Kate MacCord (Program Administrator and McDonnell Foundation Fellow, MBL, USA) & Duygu Özpolat (Principal Investigator and Hibbit Fellow, MBL, USA)

Germ Line Regeneration in Metazoans

For nearly 150 years, the distinction between germ cells (the reproductive cells and their progenitors) and somatic cells (the rest of the cells in the body) has been considered inviolable, leading to a dogma along the following lines: germ and soma are discrete cell types and somatic cells cannot differentiate into germ cells. This thinking is, in part, due to the long-held notion that there must be a continuity of the germ line (i.e. information passed from one generation to the next cannot be broken), and has led to the understanding that germ cells, once lost, cannot be replaced. The inability to replace germ cells has been tested and shown continually over the past century by looking at traditional model organisms, such as the fruit fly, nematodes, frog, chicken, and mouse, which cannot replace their germ cells once lost or removed. Despite their inability to regenerate germ cells, research continues on a large scale in traditional model systems, in part because of the immense biomedical relevance of regaining lost reproductive functions.
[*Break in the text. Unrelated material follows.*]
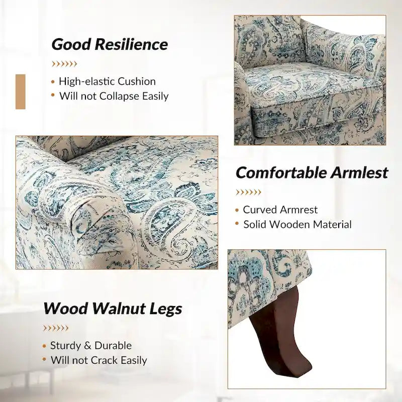 This farmhouse style armchair set creates an essential spot to sit back and enjoy a good book or catch up on your favorite show. The armchair set with an elegant silhouette is constructed with a solid and manufactured wood frame, and the seat is filled with thick foam and sinuous springs to ensure maximum comfort and support. It features a wide wingback and a unique armrest design that provides support for the arms and shoulders, allowing you to relax and unwind. The fabric upholstery on the chair set body is adorned with a floral pattern and the graceful contours of the armrests, adding a touch of sophistication to your living space. As the fushion of traditional, classic, transitional elements, this armchair set is a perfect way to add a much-needed extra resting spot to your seating arrangement while also helping to emphasize your living room style, making it a great finishing touch.

An increasing amount of recent research in non-traditional model organisms shows that the barrier between germ cells and soma is far more permeable than previously envisioned.  Several studies show that a phylogenetically broad range of animals, such as flatworms, fish, Hydra, salamanders, segmented worms, echinoderms, and tunicates not only are capable of regenerating lost germ cells, but sometimes do so by breaking the germ/soma barrier. Regeneration of germ cells can take place at different stages of the life cycle: ablation or removal of germ cell progenitors in the embryo nevertheless result in fertile adults in segmented worms, and sea urchins, while fertile adults can be regenerated from pieces of body lacking any reproductive organs or cells in sea stars, flatworms and segmented worms.  The cellular origins and mechanisms for germ cell regeneration also vary across metazoans. While some organisms (e.g. tunicates) use somatic lineages to replace the lost germ cell lineage, others (e.g. flatworms and Hydra) appear to use pluripotent stem cells that can replace both somatic and germ cells, in many other species the cellular mechanisms are still unknown.

Investigations of non-traditional model organisms, drawn from broad swaths of the metazoan clade, are beginning to reveal that the barrier between germ and soma, as well as the regenerative capacity of germ cells, is far from as limited as we have previously understood. These findings lead to many intriguing questions, such as to what extent inheritance of acquired characteristics contributes to evolution where germ cells can be regenerated from soma, and whether new technologies can capitalize on this identity-flexibility to modify generations. Even more pertinent is the question of how some species are capable of these processes while traditional model species (and humans) are not. As we learn more about this phenomenon, we may have to reconsider the dichotomous germ-soma view of the body; one of the most fundamental assumptions in animal biology.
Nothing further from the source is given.